#### ASSIGNMENT:
Return the complete listing exactly as it reads, with each picture removed.

==== RECORDED INFORMATION ====

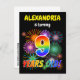 Framsidan av detta spännande och livliga vykort från födelsedagsfest inbjudan har en personlig namn, ett livfullt brinnande berömmande fyrverkerier inspirerade mönster, och meddelandet "9 ÅRS OLD!" med ett färgstarkt regnbågsspektrum inspirerade gradienten mönster. Baksidan innehåller ett personlig med information om party, till exempel när och var det hålls kvar. Bjudkort av detta slag kan skickas till potentiella gäster från ett party som hålls för att fira födelsedagen för någon som blir nio år gammal. [~Z0000452]
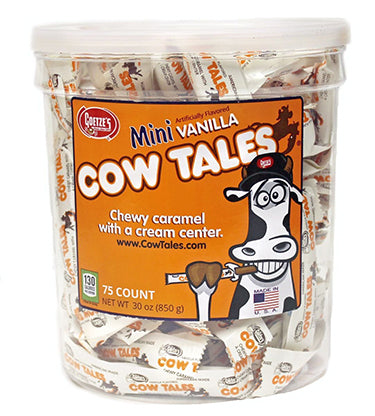 Mini vanilla Cow Tales are the bite-sized version of this retro candy. Remember the long caramel treat you loved as a kid? This version comes in a shorter size that, individually wrapped for convenient snacking. Tear open the wrapper and sink your teeth into a tube of delicious caramel filled with soft vanilla cream. Mini Cow Tales are perfect for holidays and events and make an easy dessert when packing the kids lunches!
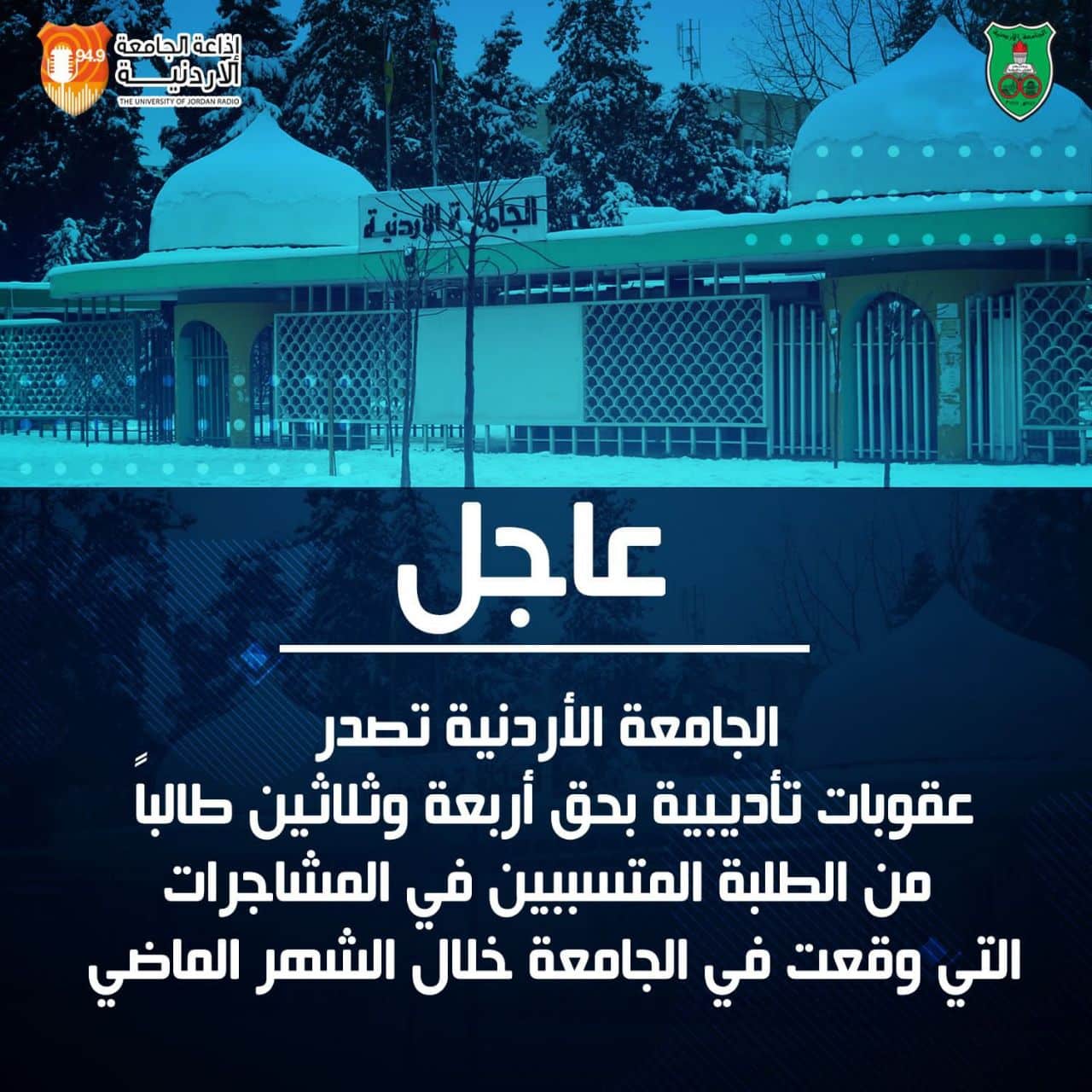 الجامعة الأردنية تصدر عقوبات تأديبية بحق أربعة وثلاثين طالباً

====

#### RESPONSE TO THIS TASK:
 Framsidan av detta spännande och livliga vykort från födelsedagsfest inbjudan har en personlig namn, ett livfullt brinnande berömmande fyrverkerier inspirerade mönster, och meddelandet "9 ÅRS OLD!" med ett färgstarkt regnbågsspektrum inspirerade gradienten mönster. Baksidan innehåller ett personlig med information om party, till exempel när och var det hålls kvar. Bjudkort av detta slag kan skickas till potentiella gäster från ett party som hålls för att fira födelsedagen för någon som blir nio år gammal. [~Z0000452]
 Mini vanilla Cow Tales are the bite-sized version of this retro candy. Remember the long caramel treat you loved as a kid? This version comes in a shorter size that, individually wrapped for convenient snacking. Tear open the wrapper and sink your teeth into a tube of delicious caramel filled with soft vanilla cream. Mini Cow Tales are perfect for holidays and events and make an easy dessert when packing the kids lunches!
 الجامعة الأردنية تصدر عقوبات تأديبية بحق أربعة وثلاثين طالباً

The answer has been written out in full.